The Oncobiologics TRIDENT Discovery Platform is a modular scaffold that can be customized to enable the development of a broad pipeline of novel therapeutics. The scaffold features three core features, which together provide enhanced tumor and tissue penetration, improved targeting, and enhanced pharmacokinetics (PK).  When combined, these features allow for improved clinical safety and effectiveness.

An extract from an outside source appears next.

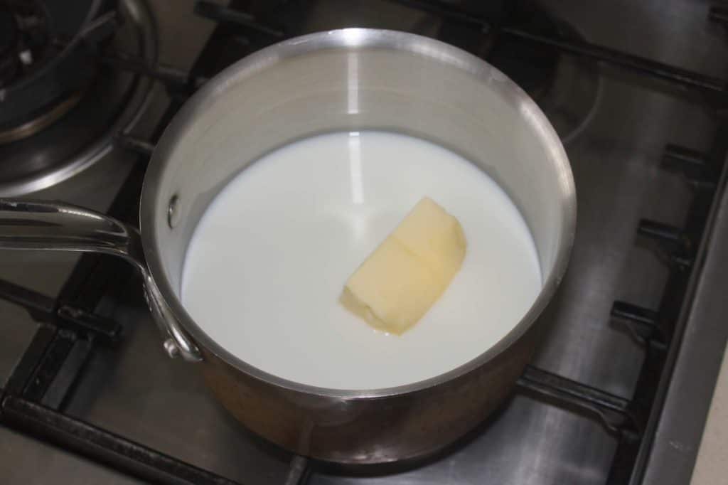 Mettez le lait et le beurre à chauffer très légèrement sur feu doux. Le beurre doit juste fondre et le tout avoir la température d’un bon bain chaud.

The name TRIDENT is based on the 3-tool nature of the platform (TRI) and its purpose:  Discovery of Enhanced  Novel Therapeutics (DENT).

 

  • Single-Chain Antibody Based

Single-chain antibodies in either bi-specific or mono-specific configuration provide optimal tumor and tissue penetration, while offering the flexibility to utilize dual affinity targets to enhance target binding and reduce off-target systemic side-effects.

 

  • Human Serum Albumin (HSA) Binding

HSA binding improves targeted delivery to tumors/and diseased tissues, minimizes off-target systemic side effects and enhances pharmacokinetics from minutes to 5-10 days.

 

  • Antibody-Drug Conjugate (ADC)

The Trident platform enables the use of ADC to enhance or supplement therapeutic impact while leveraging the penetration, targeting and PK advantages of the other platform features.

 


 

Characteristics of the TRIDENT Platform

 

Efficacy:

  • Small size (~60kD) produces better tumor penetration – small size ~ 60 kD.
  • Attached Human Serum Albumin (HSA) enbles targeted solid tumor delivery.
  • Attached HSA also produces enhanced pharmacokinetics.

 

Flexibility:

  • The platform is modular and enables plug and play design, utilizing antagonist or agonist to various therapeutic targets.
  • If drug/toxin payload is therapeutically required, the scaffold features a designed site for conjugation.

 

Safety:

  • Platform for discovery & development of fully human bi-specific single chain antibodies.
  • No ADCC or CDC to reduce off-target toxicity.

 

Cost of Goods:

  • Higher potency resulting in low therapeutic dose  minimizes manufacturing capacity requirements.
  • Mammalian or microbial expression systems feasible.

 

Drug Delivery:

  • High concentration formulation allow for subcutaneous delivery and self injection devices.